Wie läuft es dann mit der Installation des Betriebssystems ab? Ich habe hier noch eine Windows 7 Home liegen samt Lizenzschlüssel (keine OEM), die ich dann natürlich installieren wollte. Kann ich einfach den Rechner starten, schauen ob im BIOS alles ok ist und dann mit der Installation beginnen? Der Rechner müsste ja völlig nackig sein. Oder testen die Leute von Hardwareservice vorher den Rechner auf Funktionalität (was sie ja eigentlich müssten), so dass sich doch Spuren auf der Platte befinden?

Ansonsten habe ich noch ein wenig rumgeschaut und muss sagen, dass mir "herbboy" ein wirklich schickes System zusammengestellt hat! Jetzt freue ich mich schon richtig auf den Rechner


----------



## Herbboy (18. August 2011)

Ja, genau so sollte es ablaufen. Es kann halt passieren, dass ein Artikel - wenn Du Pech hast - in der Zeit, bis das Geld da ist, nicht mehr auf Lager ist. Dann musst Du halt was länger warten.

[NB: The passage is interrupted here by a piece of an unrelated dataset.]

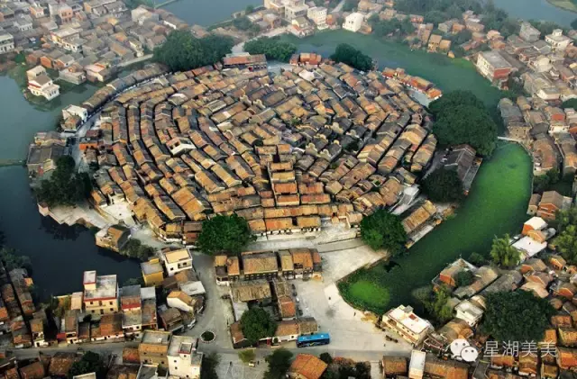 八卦村从高空看下去,形如一个八卦,是以《周易》中“乾坤震巽坎离艮兑”建成的一个古村落,村内有“开村榕树”、门楼等,这也是道家天、地、人和谐统一的一种体现。
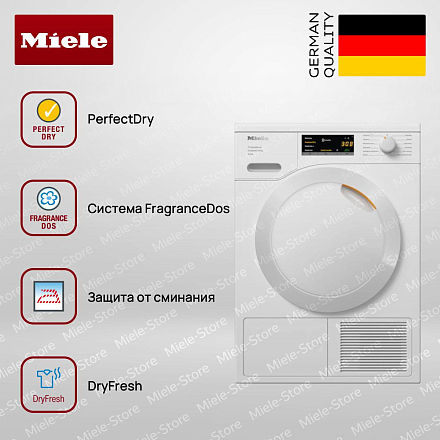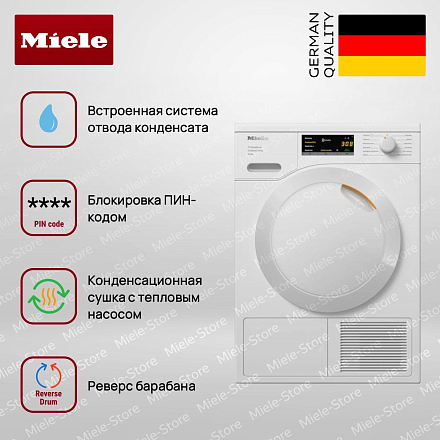 Сушильная машина Miele TEA525WP оформлена в цвете «белый лотос» и вписывается в линейку Chrome Edition, где продуманная эстетика сочетается с функциональной строгостью: белая дверца с аккуратной отделкой и прямая панель управления создают лаконичный образ, подходящий к интерьеру любого кухонного или хозяйственного пространства. Дисплей EasyControl и поворотный переключатель обеспечивают быстрый доступ к 12 программам, среди которых хлопок, деликатная, шерсть, джинсы и экспресс, а также режимы для постельного белья и сорочек; отложенный старт до 24 часов позволяет планировать процесс, индикаторы остаточного времени, очистки фильтра и необходимости опустошить ёмкость для конденсата информируют о ходе работы. Конденсационный принцип с тепловой помпой в паре с технологиями PerfectDry и EcoDry оптимизирует расход энергии и обеспечивает высокий класс A+++, при этом класс сушки A гарантирует качественный результат при нагрузке до 8 кг; нержавеющий барабан с LED-подсветкой и сотовой структурой бережно обращается с тканями, а реверс барабана уменьшает сминание.

Wegen win-Install: einfach drauflosinstalllieren. Ob die PC vorher checken, weiß ich nicht - es kann sein, dass das nur gemacht wird, wenn man es per PC-konfigurator macht. Da würdest Du halt dann "zwangsweise" ein teureres Netzteil nehmen müssen.


----------



## TigerTobi (18. August 2011)

@herbboy
Ich habe noch mal eine Frage zum Gehäuse 
Auf dem Bild ist zusehen, dass das Gehäuse Frontanschlüsse für USB und Audio hat. Haben die dann auch mit dem Mainboard die entsprechende Funktion oder haben die dann keine Funktion? Also passt das Mainboard zum Gahäuse? Ansonsten würde ich noch einmal nach einem anderen Gehäuse schauen...
Vielen Dank!


----------



## quaaaaaak (18. August 2011)

TigerTobi schrieb:


> @herbboy
> Ich habe noch mal eine Frage zum Gehäuse
> Auf dem Bild ist zusehen, dass das Gehäuse Frontanschlüsse für USB und Audio hat. Haben die dann auch mit dem Mainboard die entsprechende Funktion oder haben die dann keine Funktion? Also passt das Mainboard zum Gahäuse?
> Vielen Dank!


JA das Mainboard hat interne anschlüsse für das frontpanel, die zusammenstellung von herb ist wie immer gut gelungen und ich würde sagen: kaufen


----------



## Herbboy (18. August 2011)

Es gibt bei Frontaudio halt AC97 oder HD. Man muss nur evlt. aufpassen, was das Board dann hat, und es passend verbinden.


----------



## TigerTobi (22. August 2011)

So...wie es aussieht werde ich morgen den PC in Auftrag geben 

@herbboy
Nur um noch einmal sicher zu sein...die von dir oben aufgezählten Komponenten stellen mir ein kompletten PC zusammen, richtig? Es fehlt also keine Komponente?
Und was würdest du zu diesem Gehäuse sagen? Laut Angaben wird es ab morgen verfügbar sein...
hardwareversand.de - Artikel-Information - 3R Systems Design Geh
Könnte ich das ohne Probleme mit den von dir genannten Komponenten einsetzen?
Und sorgt der Lüfter dafür, dass der PC wirklich flüsterleise im Normalbetrieb ist? Sonst würde ich lieber noch den ein oder anderen € mehr in den Lüfter investieren. Ich würde auf auf jedenfall das 600W Netzteil nehmen.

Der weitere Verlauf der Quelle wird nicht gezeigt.